Secretary of the Supreme National Security Council of Iran Ali Shamkhani said on September 17 that the IRI authorities will close all border crossings with the Iraqi Kurdistan in case of a referendum on September 25. According to him, the existing border agreements were concluded between Iran and the Kurdish region as part of an integrated Iraq, warning that the Kurdish separation from Iraq would lead to the closure of all border crossings of Iran with this region, Tasnim News reports. “Iran definitely recognizes only the united, integrated and federal government of Iraq”, A. Shamkhani stressed.

He also threatened that the separation of the Iraqi region of Kurdistan would mark the end of all military agreements and security treaties between Tehran and Erbil, saying that Iran would subsequently adopt a new policy in the sphere of security of adjacent borders.

If Iraqi Kurdistan is separated from Iraq, Iran will have to reconsider its policy towards the Kurds and take completely different approaches to fighting the anti-Iranian groups that are present and operating inside Iraqi Kurdistan.

Thus, Iran is convinced that Iraq should not be divided. If it breaks up into several parts, then Syria and Turkey will share the same fate.


Today there is only one country that unequivocally and resolutely stands for the establishment of an independent Kurdish state — Israel.

It is advantageous for the Jewish state to create a powerful hotbed of tension in the Middle East away from its borders, which will distract the attention and resources of Israel's main opponents.

But in this case, little depends on Tel Aviv, because it is not a party to the whole process.
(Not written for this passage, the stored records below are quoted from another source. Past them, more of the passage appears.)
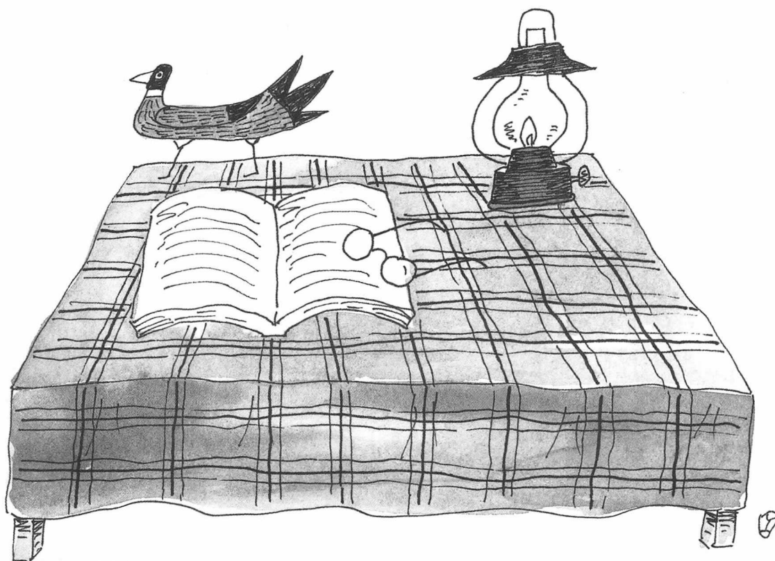
일러스트레이션 / 노희성

내 기억으로는 수십권의 세계문학전집을 시리즈로 내어서 우리나라 사람들에게 세계 각국 문호들의 작품을 고루 섭렵할 수 있게 해주었던 것도 그 출판사가 처음이 아니었던가 한다. 단지 처음이라는 의미 말고도 그 내용의 충실함 또한 다른 출판사의 모범이 되었다. 아버지께서 그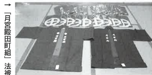
→「月宮殿田町組」法被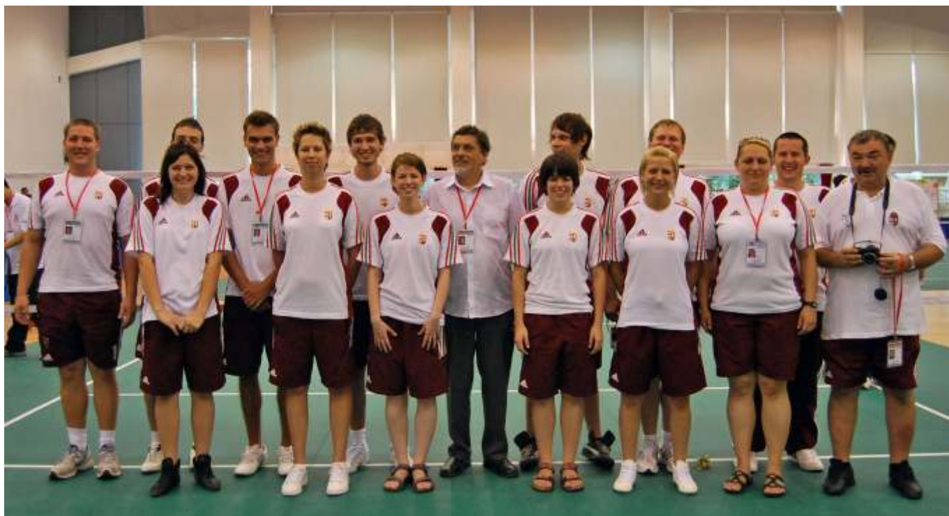
A magyar válogatott

India (21-5, 21-9) legyőzése után vereség Kínától (21-13, 21-16), majd a bronzéremért 17-21, 21-16, 21-19-es győzelem a makaói páros ellen, amelyben a többi pá-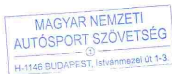
Botka Endre mb. RSB-vezető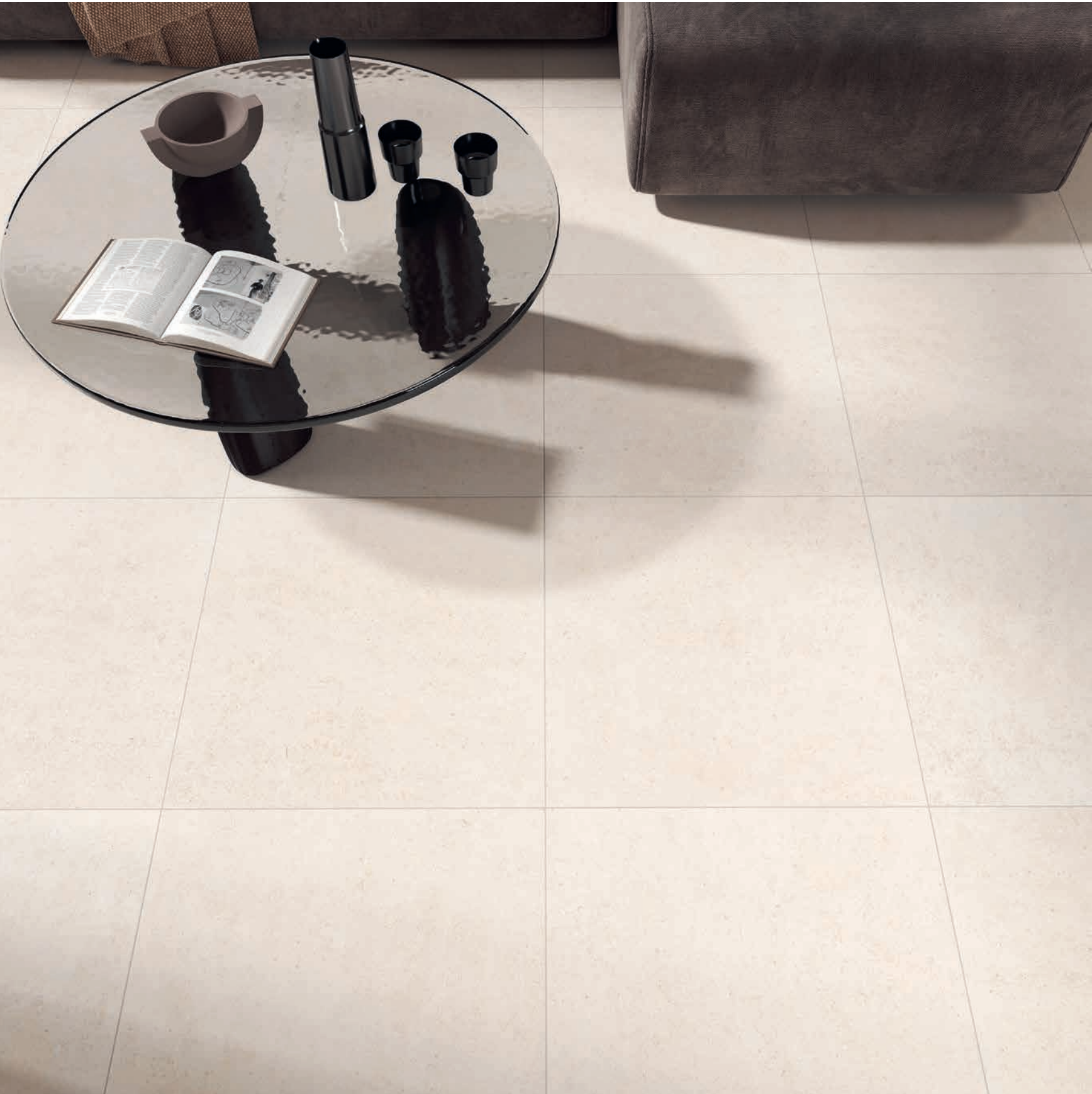
floor bianco 60x60 rect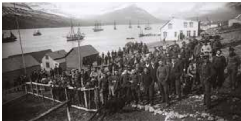
➤ Faskrudsfjord, collectie Navigo, 'IJslandvissers in de Faskrudsfjord', 1908

In de Venetiaanse Gaanderijen kunt u van 26 juni tot en met 7 november 2021 de erfgoedtentoonstelling over de IJslandvisserij bezoeken. Het is een tak van de visserijgeschiedenis die zeer tot de verbeelding spreekt omwille van het heroïsche aspect, de gevaarlijke en avontuurlijke lokroep van de zee en de bittere noodzaak om te overleven. 'Onze IJslandvissers' legt het erfgoed en de ziel van onze visserscultuur in Oostende vast en brengt met een diep respect een ode aan de vissers die er nog zijn en voor de velen die er zijn geweest.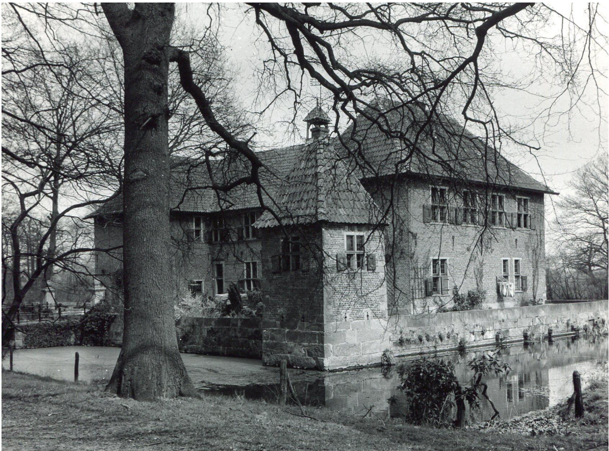
Breckelenkamp 1967, foto L. Sevenster, collectie W. Hoogeland.

Anders is het met de directe omgeving van het huis. Die heeft met name in de twintigste eeuw grote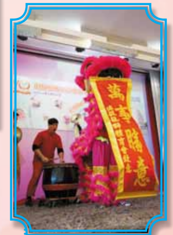
學員聯同義工隊表演舞獅助慶，祝賀到場人士萬事如意

So, if there are no absolutely unpredictable events, the distance between the referendum and its recognition can take years, and even decades. And even if the referendum is held, it will certainly remain largely on paper and some more propaganda phenomenon due to mere non-recognition by the international community. At this, blocking hydrocarbon exports by Baghdad alone can cause a complete economic collapse in Kurdish autonomy, not to mention the transportation isolation from Turkey and Iran.